## YOUR ASSIGNMENT:
With the pictures set aside, write out all of the data exactly as it stands.

═══ DATA FOR THIS TASK

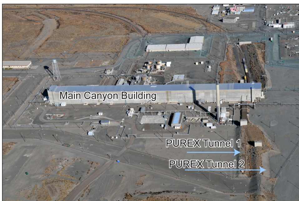
Figure 3: Main PUREX Plant and Auxiliary Facilities

Source: Department of Energy. | GAO-20-161
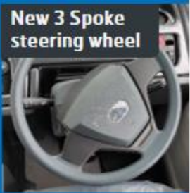
New 3 Spoke steering wheel
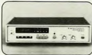
DRC-84C Temperature Controllers combine si-diode sensors and platinum RTD's to span 1.4 to 800K range.
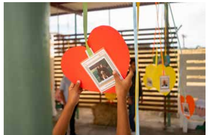
CarePoint children select their friends from profile cards

As an organization, HopeChest often encountered roadblocks due to some countries having negative connotations with the term “sponsorship”. That’s why we initiated the Friendship Model and have continued to implement it in our operations! We believe that having a child select someone they want to befriend provides dignity and empowerment by giving the child a Voice and a Choice in the process. While the Friendship Model wasn’t new this year, we launched 3 new CarePoints under this model, all in Guatemala. The 3 new CarePoint partnerships established 513 new Friendships during this time!
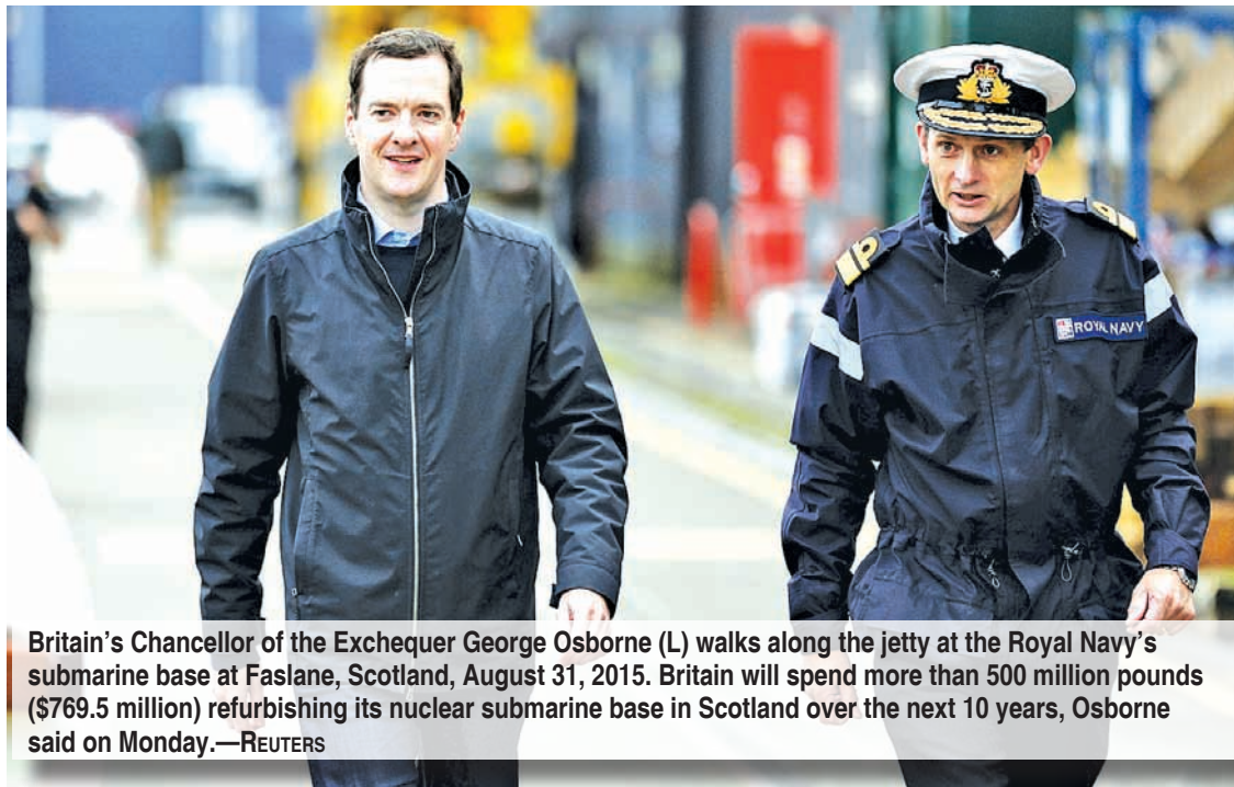
Britain's Chancellor of the Exchequer George Osborne (L) walks along the jetty at the Royal Navy's submarine base at Faslane, Scotland, August 31, 2015. Britain will spend more than 500 million pounds ($769.5 million) refurbishing its nuclear submarine base in Scotland over the next 10 years, Osborne said on Monday.

LONDON, 31 Aug — Britain will spend more than 500 million pounds ($769.5 million) refurbishing its nuclear submarine base in Scotland over the next 10 years, finance minister George Osborne said on Monday.
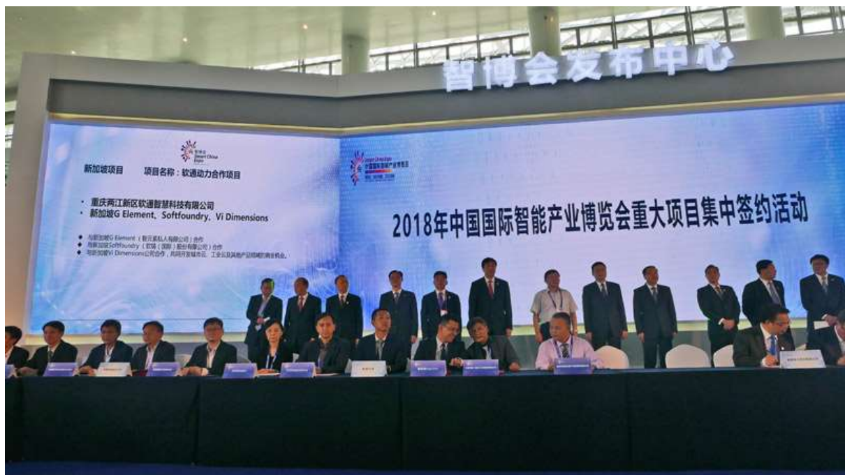
2018 年中国国际智能产业博览会重大项目集中签约活动 (2018 Smart China Expo Major Projects Centralized MoU Signing)

Singapore / Chongqing, 25th August 2018 – The first Smart China Expo 2018 was held at the Chongqing International Expo Center, China. During the signing ceremony for major projects held on the first day of the Smart China Expo, Vi Dimensions along with 2 other Singapore companies signed a cooperation agreement for the “China-Singapore Digital City Industry Alliance”. Twenty guests from national ministries, foreign governments, brother provinces and cities, well-known enterprises and the Chongqing Municipal Government witnessed the signing of the project.
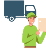
Last mile delivery
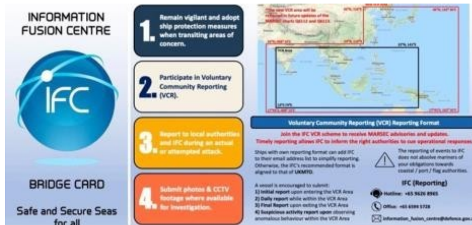
4 - The IFC Bridge Card was launched on 12 May 2022.

or sightings of suspicious activities. The IFC will continue to work together with the shipping industry to understand their needs and concerns and develop products which meet the industry's requirements.
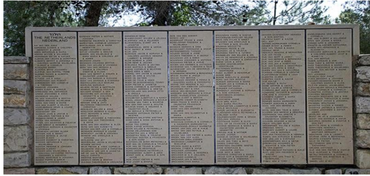
Figure 20. A portion of The Wall of Honor at Yad Vashem. ("Bogaards Family." Yad Vashem)
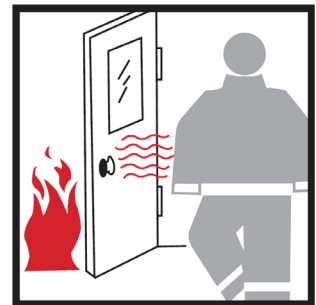
FIG. 6 Radiant heat from hot surfaces and flames can cause burns.

Thermal Radiation: Thermal Radiation is the transfer of heat in the form of light energy into a material, directly from flames or reflected from hot objects. Factors that affect the speed of radiant heat transfer include the temperature difference between two surfaces, their distance from each other, and the reflectivity of each surface.

══════

## WRITTEN SOLUTION:
Figure 3: Main PUREX Plant and Auxiliary Facilities

Source: Department of Energy. | GAO-20-161
New 3 Spoke steering wheel
DRC-84C Temperature Controllers combine si-diode sensors and platinum RTD's to span 1.4 to 800K range.
CarePoint children select their friends from profile cards

As an organization, HopeChest often encountered roadblocks due to some countries having negative connotations with the term “sponsorship”. That’s why we initiated the Friendship Model and have continued to implement it in our operations! We believe that having a child select someone they want to befriend provides dignity and empowerment by giving the child a Voice and a Choice in the process. While the Friendship Model wasn’t new this year, we launched 3 new CarePoints under this model, all in Guatemala. The 3 new CarePoint partnerships established 513 new Friendships during this time!
Britain's Chancellor of the Exchequer George Osborne (L) walks along the jetty at the Royal Navy's submarine base at Faslane, Scotland, August 31, 2015. Britain will spend more than 500 million pounds ($769.5 million) refurbishing its nuclear submarine base in Scotland over the next 10 years, Osborne said on Monday.

LONDON, 31 Aug — Britain will spend more than 500 million pounds ($769.5 million) refurbishing its nuclear submarine base in Scotland over the next 10 years, finance minister George Osborne said on Monday.
2018 年中国国际智能产业博览会重大项目集中签约活动 (2018 Smart China Expo Major Projects Centralized MoU Signing)

Singapore / Chongqing, 25th August 2018 – The first Smart China Expo 2018 was held at the Chongqing International Expo Center, China. During the signing ceremony for major projects held on the first day of the Smart China Expo, Vi Dimensions along with 2 other Singapore companies signed a cooperation agreement for the “China-Singapore Digital City Industry Alliance”. Twenty guests from national ministries, foreign governments, brother provinces and cities, well-known enterprises and the Chongqing Municipal Government witnessed the signing of the project.
Last mile delivery
4 - The IFC Bridge Card was launched on 12 May 2022.

or sightings of suspicious activities. The IFC will continue to work together with the shipping industry to understand their needs and concerns and develop products which meet the industry's requirements.
Figure 20. A portion of The Wall of Honor at Yad Vashem. ("Bogaards Family." Yad Vashem)
FIG. 6 Radiant heat from hot surfaces and flames can cause burns.

Thermal Radiation: Thermal Radiation is the transfer of heat in the form of light energy into a material, directly from flames or reflected from hot objects. Factors that affect the speed of radiant heat transfer include the temperature difference between two surfaces, their distance from each other, and the reflectivity of each surface.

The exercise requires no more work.